Hello everybody.
My colleague Nikos is at the back of the room,
I'll talk about that in a minute.
So first of all it's really nice to be here.
I came last year to this event,
I had a great time.
There's loads more of you over there, wow.
And so I'm a big fan of Copenhagen,
I'm really pleased to be back here.
And I'm also, yeah, just very excited.
Last time I came I talked about my background,
how I used to be a skateboarder,
and then I became a designer that worked with the Designers
Republic and I made loads of record covers and cool stuff like that.
And then I ran my own design studio and
ended up at the BBC about three years ago.
And I talked about the work that we do there.
And some of that stuff I'll recap on today.
So, wasn't Todd's talk good?
I like,
I like,
those guys at MailChimp are so cool.
I visited them earlier this year and I have a few of those Freddys,
I've got three of them.
And I'm not eBaying them.
Okay.
So,
I'm David,
I'm the Creative Director of the BBC's Global Experience Language,
which is our shared design framework with which we design
all of the BBC's online output across all platforms.
And my colleague,
Nick Hoss,
who is at the back of the room,
standing in the doorway there,
is our Senior Developer Advocate.
And we're here today to talk about culture and strategy.
And those two things,
and they don't always sit comfortably together.
And also about the work that we're doing that's
helping the BBC transform from being a traditional
broadcaster into an internet fit organisation.
Oooh.
I did that just to make myself giggle.
Okay,
so creativity is at the heart of everything we do at the BBC.
I'm sure it's at the heart of everything you guys do.
So we're in the right place.
For the past almost 100 years,
the BBC has used creativity to educate,
inform and entertain.
And during that time,
we've had to reinvent ourselves a number of times.
And we've done this successfully
by embracing design and technology.
Since 1946,
the BBC has been a publicly funded service.
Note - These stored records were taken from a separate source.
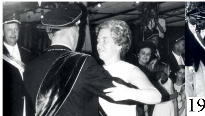
1969 errang Anton Strake die Königswürde. Zu seiner Mitre also in diesem Jahr zu den Jubelpaaren, es regierte in dem

schätzung. Zweifellos sei die Zuordnung Oestinghausens zur Großgemeinde Bad Sassendorf nicht im gleichen Maße geboten wie die von Bettinghausen. „Werden im Raum Herzfeld andere Möglichkeiten verwirklicht, würde eine Einbeziehung von Eickelborn und Lohe zur Gemeinde Herzfeld auch die Zuordnung der Gemeinde Oestinghausen nahelegen. „Die bessere Lösung ist es jedoch, beide Gemeinden Bad Sassendorf anzuschließen“ wird an die Gemeinsamkeiten erinnert. So flößen die Abwässer aus Bettinghausen zur Kläranlage nach Oestinghausen, auch könnte versucht werden, für beide Gemeinden die Grundschule zu halten, „was für Bettinghausen allein nicht möglich ist“. „Während Sassendorf mit Bettinghausen erst 7.270 Einwohner hätte, würden sich unter Einschluss von Oestinghausen 7.909 Einwohner ergeben, die den Ausbau einer befriedi-
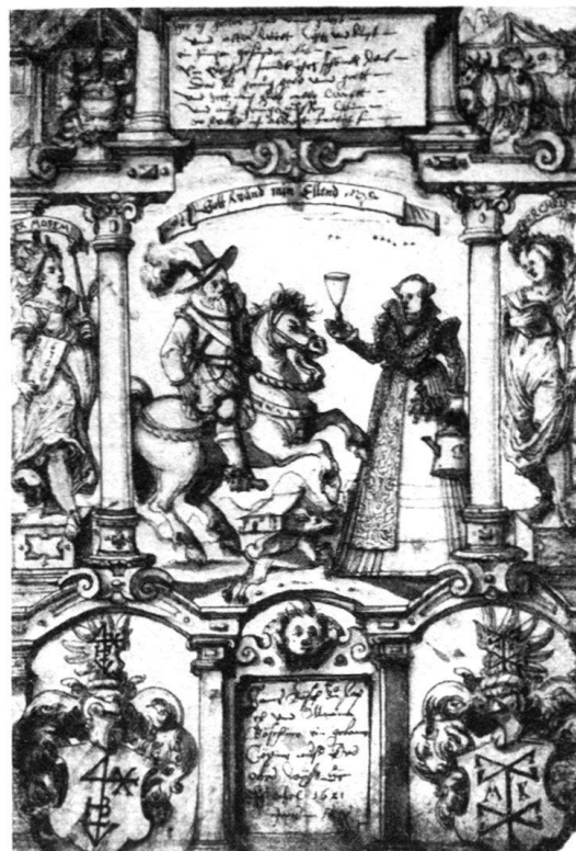
Abb. 6. Scheibenriß zu nebenstehender Scheibe.

(Nr. 15) Staatliche Kunstbibliothek Berlin.
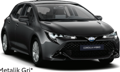
1G3 – Metalik Gri*
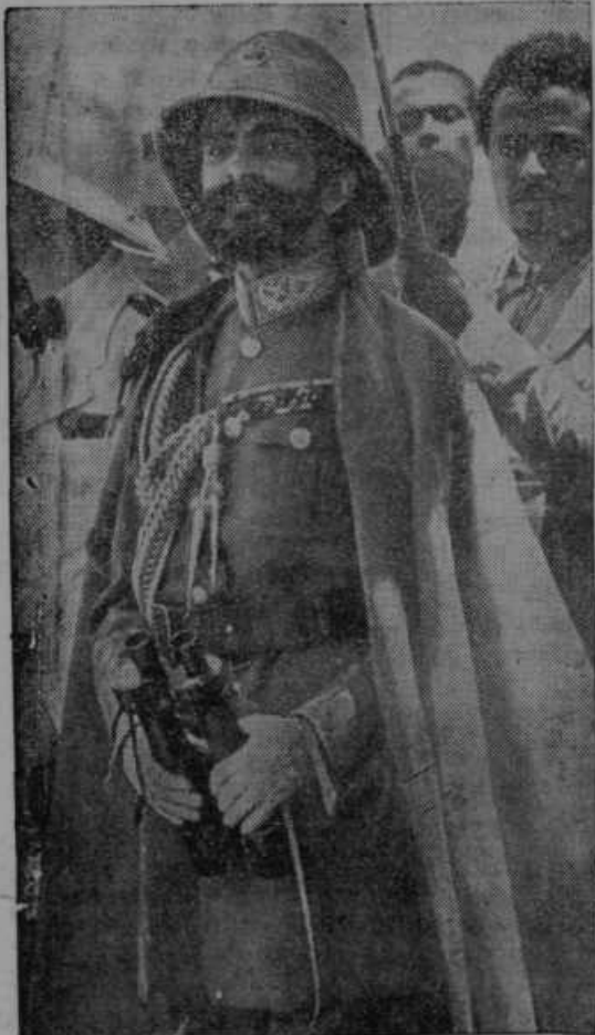
Abesinski cesar v maršalski uniformi.
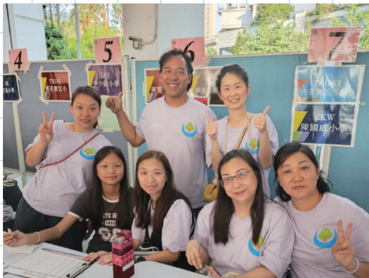
西聯中學巡禮義工
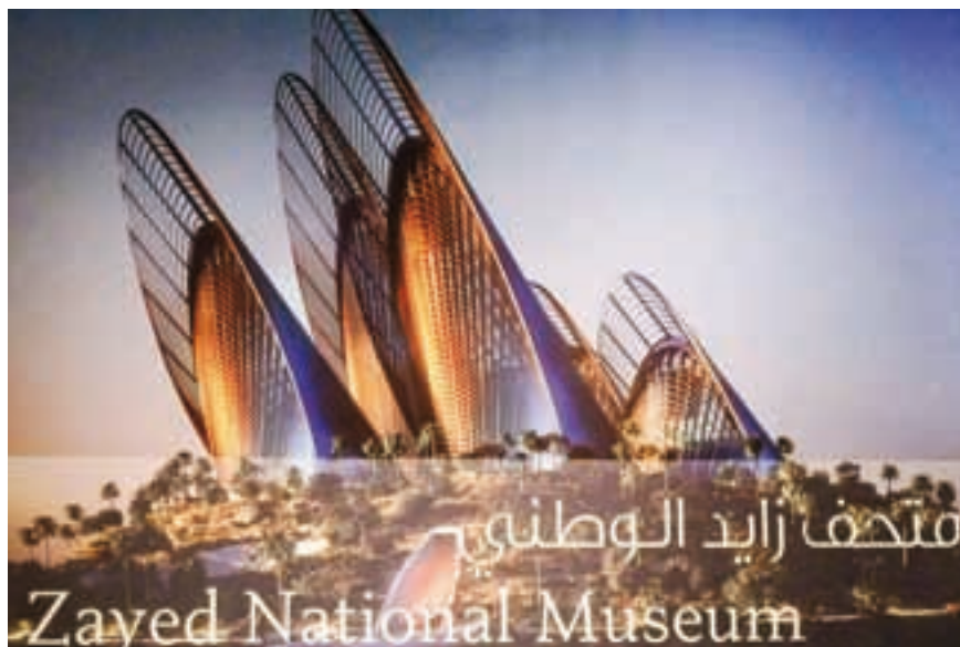
Wizualizacja projektu Muzeum Narodowego Szejka Zayed

dzictwo sztuki islamu. Oddanie obiektu do użytku przewidziano w 2017 r.
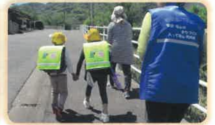
パトロール隊：ほら！新芽が出るとよ！ 子どもたち：なんの芽？ パトロール隊：グミの実がなるんよ 子どもたち：え！？あのお菓子のグミ??? パトロール隊：（爆笑）
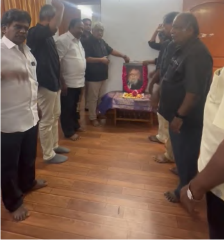
பேரவைத் தலைமை அலுவலகம்
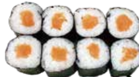
73: Maki salmón ahumado (8u)
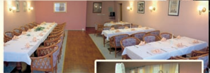
Blick in den Bowling-Club
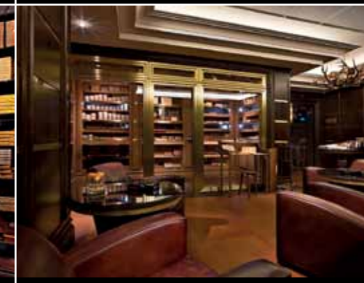
La Casa del Habano Düsseldorf (Kö Galerie) Königsallee 60c Geschäftszeiten: Montag bis Freitag 10 bis 20 Uhr, Samstag 10 bis 18 Uhr www.la-casa-del-habano-duesseldorf.de

Everybody in the UK that has a television
has to pay a licence fee.
For that,
they get loads of great TV,
radio and now online content.
Since 19... no,
sorry,
since 2010,
the BBC has been locked at about £145,
one-off payment each year.
And it isn't likely to increase any time soon.
Which is understandable given the economic
uncertainty we find ourselves in in the UK.
No thanks to Brexit.
We won't talk about that.
And then...
But also the commercial market forces
and how they would prefer to see the BBC
change into more of a traditional sort of a subscription model.
Now, we don't want that.
And we don't want that because we know that the
majority of the people in the UK don't want that either.
What they do want,
though,
is they want for us to remain a vital and relevant public service
moving forward into the digital age,
so to speak.
Um...
Which means we've got to change.
And that's one thing that we know about the BBC.
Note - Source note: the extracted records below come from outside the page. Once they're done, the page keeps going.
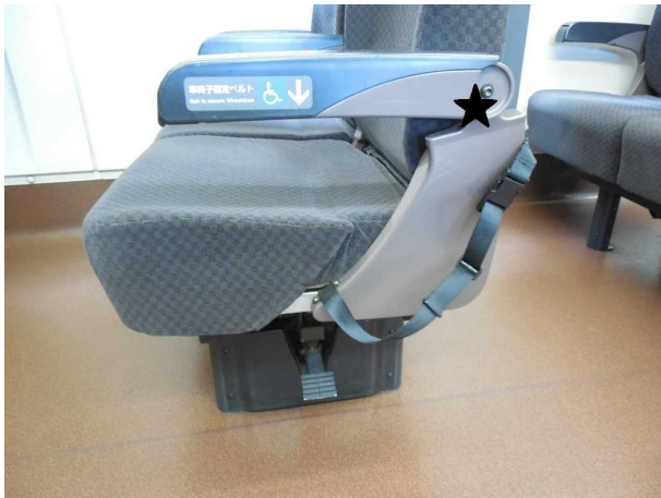
普通車の車いす固定ベルト 肘掛けを跳ね上げるには 印部分の内側 ( 背もたれ側 ) に隠れているボタンを 押しながら操作する必要があるが その旨の案内掲示はどこにも無い
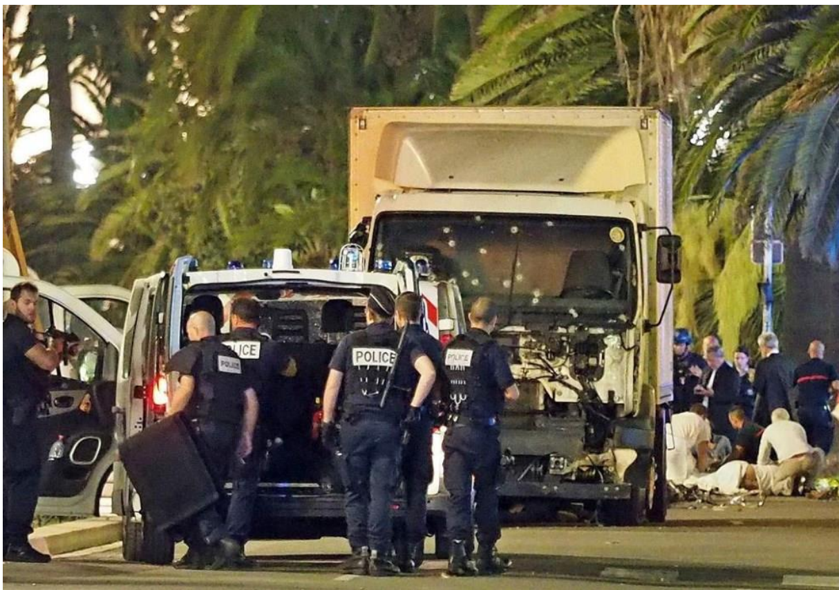
Een derde van de slachtoffers in Nice was moslim. Volgens experts doet elke moslimdode bij aanslagen de populariteit van IS dalen.

De jongeren die in naam van Islamitische Staat aanslagen plegen in Europa, worden niet gedreven door godsdienst of politiek. Programma's voor deradicalisering zijn dan ook zinloos, zegt de Gentse hoogleraar Rik Coolsaet.
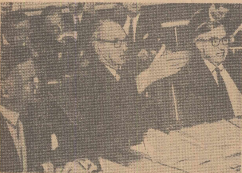
După cum au relatat corespondenții de presă, recenta sesiune de la Geneva a miniștrilor țărilor participante la Asociația europeană a liberului schimb a prilejuit o serie de dezbateri animate datorită pozițiilor divergente ale unora dintre statele membre. În imaginea de mai sus: reprezentanții Angliei argumentând în timpul dezbaterii unei dintr-unele problemele mai controversate ale sesiunii

despre succesele obținute de populațiile de pe continentul african, apreciind că acesta este rezultatul luptei popoarelor pentru libertate și independență, împotriva imperialismului. Președintele Consiliului de Stat al R.D.G. a înmănat președintelui Nasser Ordinul „Marea Stea a prieteniei între popoare”, iar președintele R.A.U. i-a înmănat lui Walter Ulbricht cel mai înalt ordin al R.A.U., „Colanul Nilului”. În numele guvernului R. D. Germane, Walter Ulbricht a înmănat guvernului R.A.U. un act de donație prin care se anunță că R.D.G. va construi și utiliza în mod gratuit pentru R.A.U. un dispensar medical regional.
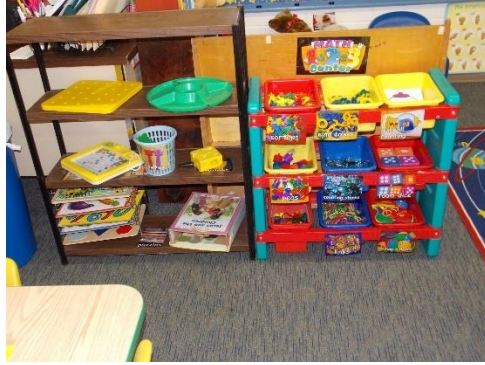
Resim 2.8: Manipülatif Oyun Merkezi

Çocukların sayıları tanıma, sınıflandırma, gruplama, parçalardan bütün oluşturmalarını sağlayan, düşünme, karar verme, akılda tutma gibi zihinsel işlevleri geliştiren bir merkezdir.

Change is our only constant.
It's the one thing that you can bank on.
Now,
with the internet, to change is quite exciting
because there's loads more opportunities
and options and ways of presenting
the BBC to our audiences.
Which is really exciting.
But it gives us a bit of a paradoxical requirement.
Which is we need to provide greater efficiency,
while supporting an explosion of creative ambition.
OK.
So, to do that,
we
need to change the way we do things.
And we are doing.
I mean, we've never done this before.
We've never been an internet-first thinking organisation before.
We've never taken television channels online before.
But we're doing that.
Now, to do that successfully,
you need some good strategy.
But as a famous business commentator and author once wrote,
Culture eats strategy for breakfast.
And that's so true.
It's so annoying.
Yeah, culture.
Culture,
the way that we work,
the rhythm that we work,
the way that we do things.
You get into a rhythm of delivery.
So that you can keep moving forward and being creative.
And doing what you do well.
OK.
So, that's what we're kind of up against.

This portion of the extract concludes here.